Few Defend Byrd-Bennett as CPS Suspends SUPES Contract

Even Mayor Rahm Emanuel seemed to stop defending his school chief, speaking of the SUPES agreement she championed as a bad deal

If furniture can send a message, a single empty chair at Wednesday’s meeting of the Chicago Board of Education spoke volumes.

That chair would normally have been occupied by CEO Barbara Byrd-Bennett. But she has stepped out of that role in the midst of an escalating federal investigation of a principal training contract with the Wilmette-based SUPES Academy. And during their first meeting since Byrd-Bennett’s departure, it was clear board members wanted to distance themselves from both the embattled chief and their own unanimous vote on the SUPES agreement.

"We have questions about the circumstances of this contract," said interim CEO Jesse Ruiz. "And we look forward to getting answers to those questions, and thus we are suspending it. I think it’s the prudent thing to do now."

That suspension came in a letter, from Ruiz, to SUPES founder Gary Solomon.

"The Board of Education of the City of Chicago, hereby suspends, in whole, its Leadership Development Services Agreement with the SUPES Academy," Ruiz wrote. "Please immediately cease all activities previously begun pursuant to the Agreement, including, but not limited to, Academy and coaching sessions, so as to not incur any additional expenses."

Ruiz conceded that he was one of the board members who voted unanimously to endorse the SUPES agreement.

"Given the information we had at that point in time, and given the information we were given as board members, I stand by that vote,” he said. But at the same time, he made clear that he and the other board members had only taken that vote, based on information the C.E.O had provided.

"Management proposes the agenda and the board acts upon it," he said, conceding that it is also the board’s job to "second guess" and "challenge" staff recommendations.

"We did that, and with that information provided, we acted upon it as we did," he said. 

Indeed, even Mayor Rahm Emanuel seemed to stop defending his school chief Wednesday, speaking of the SUPES agreement she championed as a bad deal.

"That type of action won’t be tolerated," he said. "We’re going to turn the page, and everybody needs to be laser focused on our kids and their education."

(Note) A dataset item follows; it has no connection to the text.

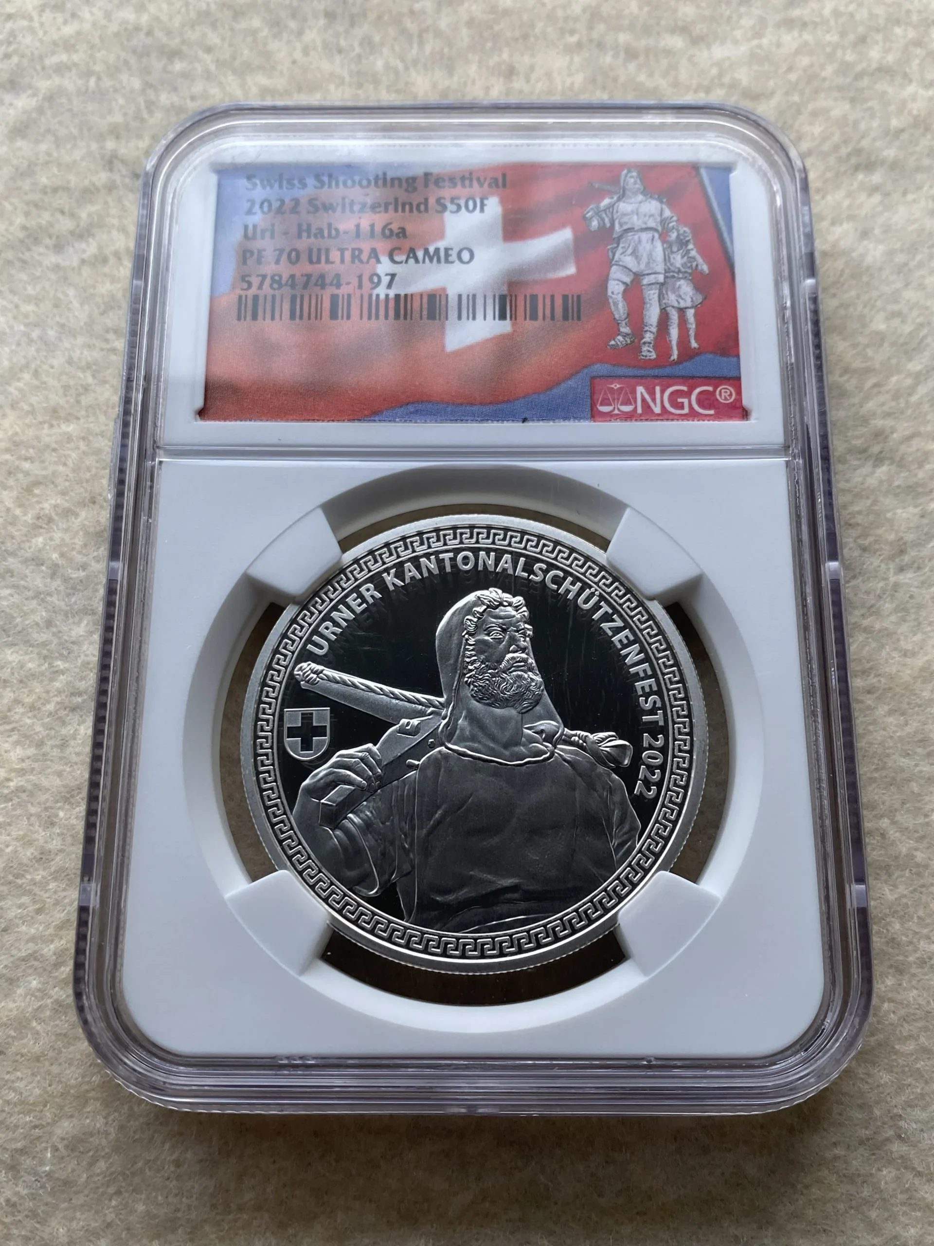 2022年 スイス 50フラン銀貨 ウーリ州 射撃祭ラベル PF70UC NGC 堂々最高鑑定!!

In a statement, SUPES called the suspension of the contract "disappointing."

"We stand behind the training we provide," that statement said. "We are committed to continuing our great work with CPS, once this review is completed."

While some viewed the board’s action as decisive, others viewed it as the equivalent of rats deserting a sinking ship.

During the public comment section of Wednesday’s meeting, a man named Ronald Jackson stepped to the microphone and accused the school board of throwing Byrd-Bennett under the federal bus.

"You have no remorse," he said. "Don’t think you’re not going down. Don’t think they’re not going to look at you sooner or later, that you’re not going up the river too."